Ну да… если Авдюшкин, ну этот отберет…
— Балики все, брат, побаски одни…
— В газете писано! Что же я из пятки, что ль, взял? Чай, говорят люди…
— Ну, что скажешь? — спросил у Лапина о. Евлампий, когда они отошли от круга, и сейчас же со вздохом прибавил: — Слепцы!..
Лапин молча посмотрел вдаль, за реку, где голая, серая, морщинистая гора, жмурясь от ослепительных лучей, молчаливо глядела на свое отражение в зыбком голубом зеркале, словно дивилась на причудливые складки и углубления в своих размытых боках, на рассыпанные по обрыву зеленые кустики, ухватившиеся за выступы белых камней. Поглядел, помолчал, потом, не отвечая на вопрос, сказал:
— Я на станицу смотрю… оригинальная какая… интересная…
Из-за реки станица казалась не той, к какой привык глаз, а незнакомо-новой в живописно сотканной пестроте зеленых, белых, бурых пятен, похожею на зубчатый веер с серыми полосами улиц, с ослепительно сверкающим солнечным узором облупившихся крыш. Домики внизу, у косы, как будто жались к земле, старались укрыться за зелень тополей, друг за друга. Потом ползли в гору, вырастали на волнистой линии седловины, разбегались по отлогому скату над буераком и скрывались в серо-зеленом просторе степи, закутанной в серебристую дымку тумана, тонули там, в далеком трепещущем мареве, на грани земли и неба, где чуть-чуть обозначались два седых стража — молчаливые курганы.
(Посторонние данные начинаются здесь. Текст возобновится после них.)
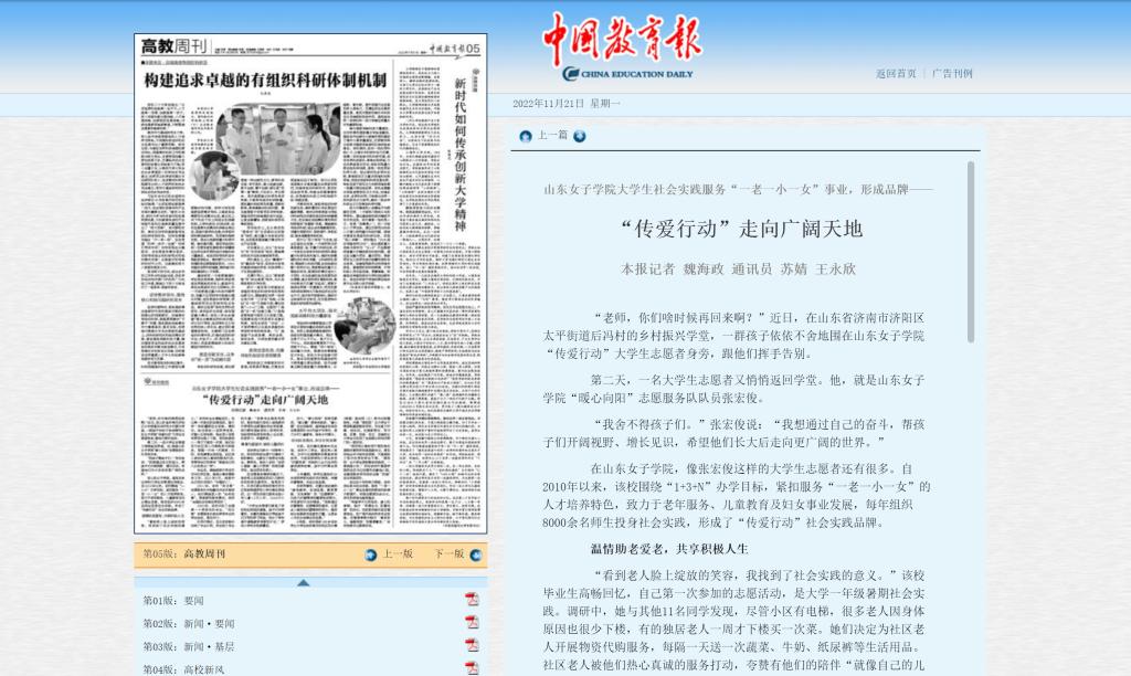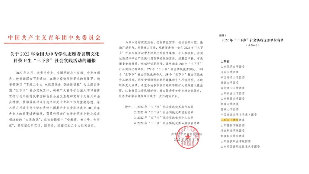 (二)提升思政育人“话语权”。设计开展万名女大学生共读《习近平走进百姓家》活动,推出领读视频10期,阅读量超2.3万,中国妇女报刊登学校做法案例;总结阳光课间操10年成果,拍摄健身气功《八段锦》示范视频,中国教育报视频号推出5期合集,获得较好的社会反响。学校团委获共青团山东省委2022年度工作通报表扬,在2023年年中打擂中获得优秀等次。
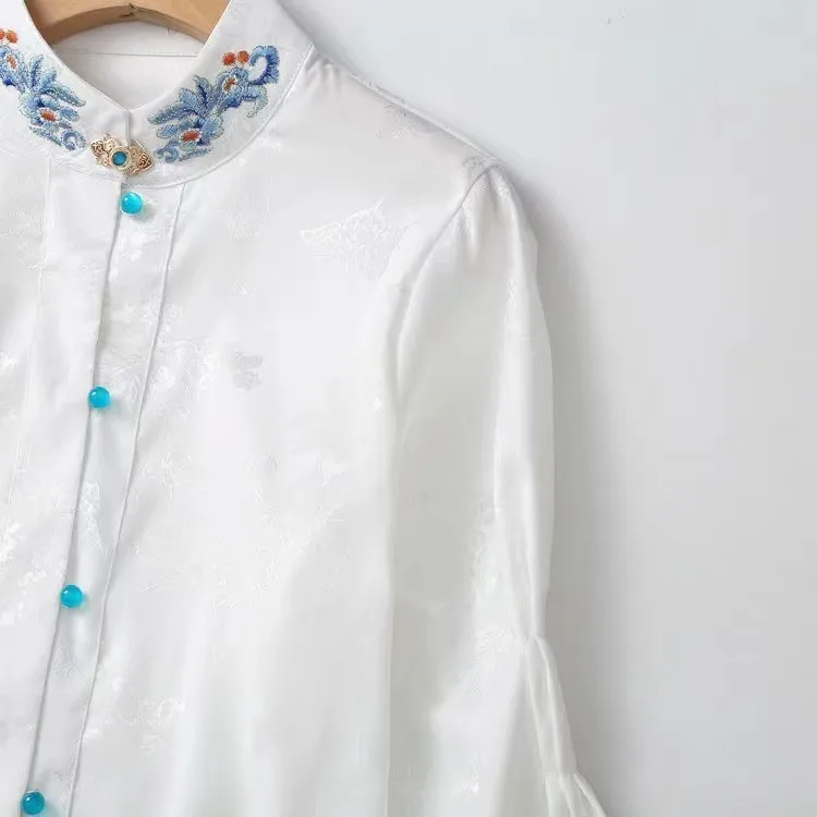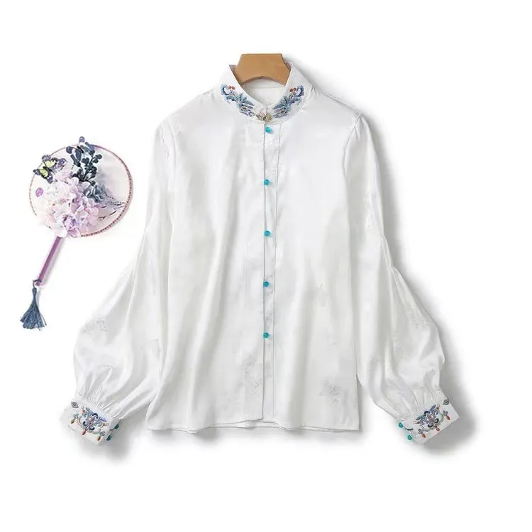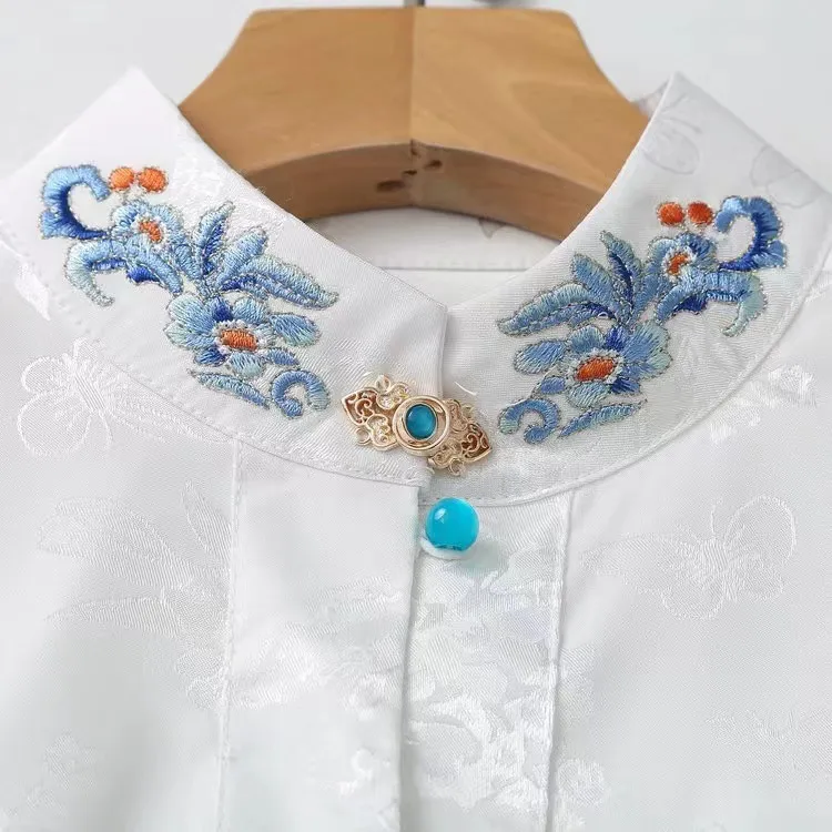 衣都精品- 新款白色中長款開襟領上刺繡上衣

— Славная моя станичка… — в раздумье проговорил Лапин. Потом обернулся к о. Евлампию: — Слепцы, говоришь? Эка, новость какую открыл… А ты гляди в корень! Ты на все надеваешь свой семинарский подрясник, думаешь: все и каждый прошли в шесть месяцев тот путь, который ты одолел в полтора десятка лет? Нет, ты найди настоящую точку! Станица вон: там и пыль, и кривые улицы, и тощая зелень, и домишки есть — просто дрянь одна… Но глянь в целом: красота!.. А в толпе этой — ты думаешь, все булыжники, как Игнат? А Сухов, Ольхин, Гордеев? Забыл? — настоящие алмазы и по мысли, и по чувству! Хоть бы и нам с тобой такую жажду знания, такое горение души!..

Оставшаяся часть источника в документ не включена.